Peraltro va detto con chiarezza che il diacono non sostituisce la figura del parroco, e tuttavia può essere molto prezioso per essere punto di riferimento a proposito dei vari aspetti della vita della comunità (catechesi, liturgia, carità…).

Il riferimento alle unità pastorali mi suggerisce che i diaconi nel futuro vanno scoperti e incoraggiati sul territorio stesso nel quale poi potranno esercitare il ministero.

A quelli attuali va chiesto di cambiare mentalità e di perseguire un lavoro di pastorale comune: tutti vanno messi in condizione di servire la zona e il territorio.

Sono tutti soddisfatti della destinazione pastorale? Come verificare e qualificare la propria presenza? Quali compiti continuare a garantire e altri no?

4. Una forma di ministero diaconale più missionario.

Se mi domando quali forme del ministero diaconale possono dare corpo a una prospettiva missionaria, mi sembra che si debba rispondere facendo riferimento anzitutto al fronte della “ comunicazione della fede”.

Penso al compito di garantire, nella nostra Diocesi, la formazione dei catechisti, degli animatori, dei responsabili dei gruppi di ascolto del Vangelo, dei responsabili degli itinerari di preparazione al matrimonio, sulla frontiera della scuola e in altre forme ancora.

Come garantire competenza e incisività di un lavoro che sarà sempre più urgente, ma non facile, nella nostra Chiesa?

Un altro sentiero di ministero diaconale da considerare molto rilevante è garantire una formazione che aiuti a compiere gesti di carità, promuovere le Caritas zonali e parrocchiali.

Quale la presenza dei nostri diaconi negli ospedali, case di cura, case di riposo, nel grande lavoro di visita ai malati delle nostre parrocchie?

Quale competenza per entrare in questi campi di prossimità? Quali corsi frequentare?

5. Testimoni di una ministerialità sacramentale.

Rimane importante quell’ aspetto del ministero diaconale che si chiama liturgia. L’abbiamo già ricordato parlando dell’omelia, ma si deve aggiungere qualcosa.

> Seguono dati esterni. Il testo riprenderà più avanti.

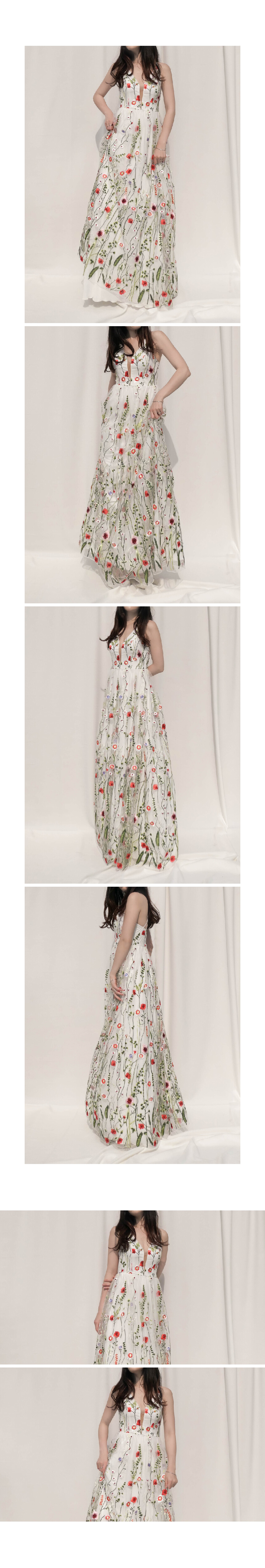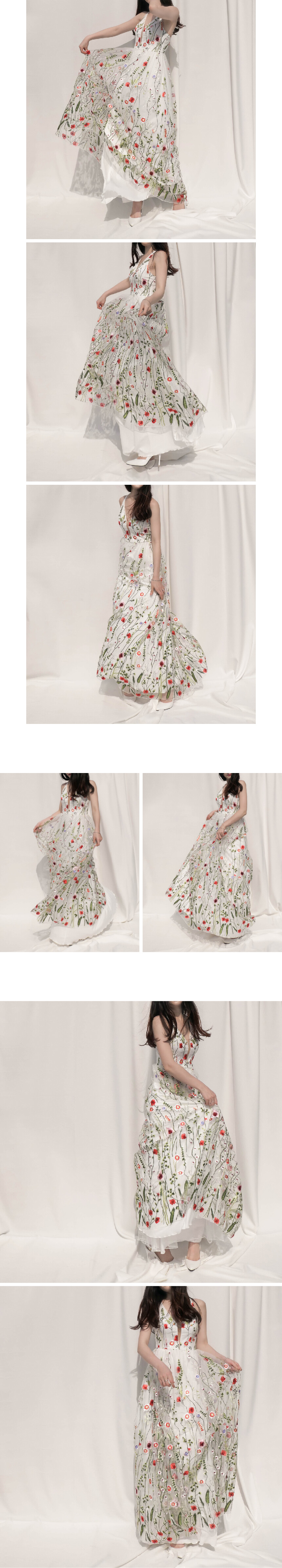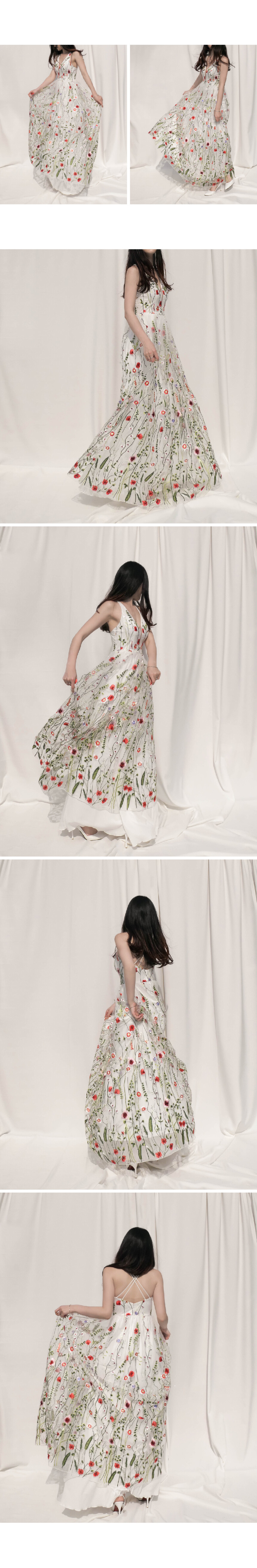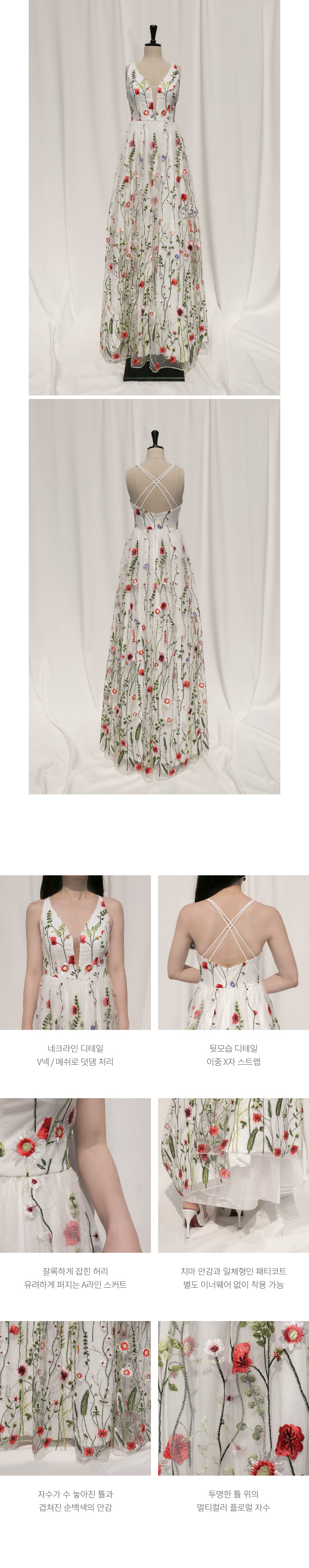 들판에 핀 꽃처럼 투명한 튤 위에 꽃과 나뭇잎, 덩쿨이 화려하게 수놓아져 있는 봄 같은 드레스 by City Studios

Spesso ho raccomandato ai nostri amici diaconi che non interpretino questo ambito fondamentale della vita ecclesiale come un rifugio individualistico.

Va rimarcato fortemente la grande urgenza di fare delle nostre parrocchie delle “scuole di preghiere”.

Ai diaconi è chiesto un aiuto qualitativamente importante perché le celebrazioni feriali e festive siano preparate, animate, partecipate, dignitose, tenendo presente le norme liturgiche, i tempi e i ritmi del celebrare.

Ai diaconi è chiesto di far crescere la ministerialità nell’azione liturgica e di incarnare uno stile diaconale consapevole di cosa fare, di come muoversi, di cosa dire, di come proclamare il Vangelo.

Certi momenti impacciati, alcune espressioni creative di scambio della pace e di congedo, senza tener conto di quelle diversificate, proposte e contenute nel Messale Romano, la propria posizione accanto al presbitero – vescovo, assente, lontana, distratta o chiassosa, il non saper stare in piedi o inginocchio, dopo anni di mistero, manifesta l’esercizio di un ruolo non pienamente “sacramentale” e non adeguato al mistero che lì si celebra.

E inoltre potrà essere offerta una collaborazione alla forma di “liturgia della parola” in assenza del presbitero.
E infine potranno collaborare alla formazione dei Ministri Straordinari della Comunione.

Come “perfezionare” il proprio essere nel presbiterio per interpretare un ruolo e incarnare un rito?

Sono queste solo alcune suggestioni per comprendere meglio il senso del diaconato e anche per suggerire sentieri per il futuro di tale ministero nella nostra Chiesa.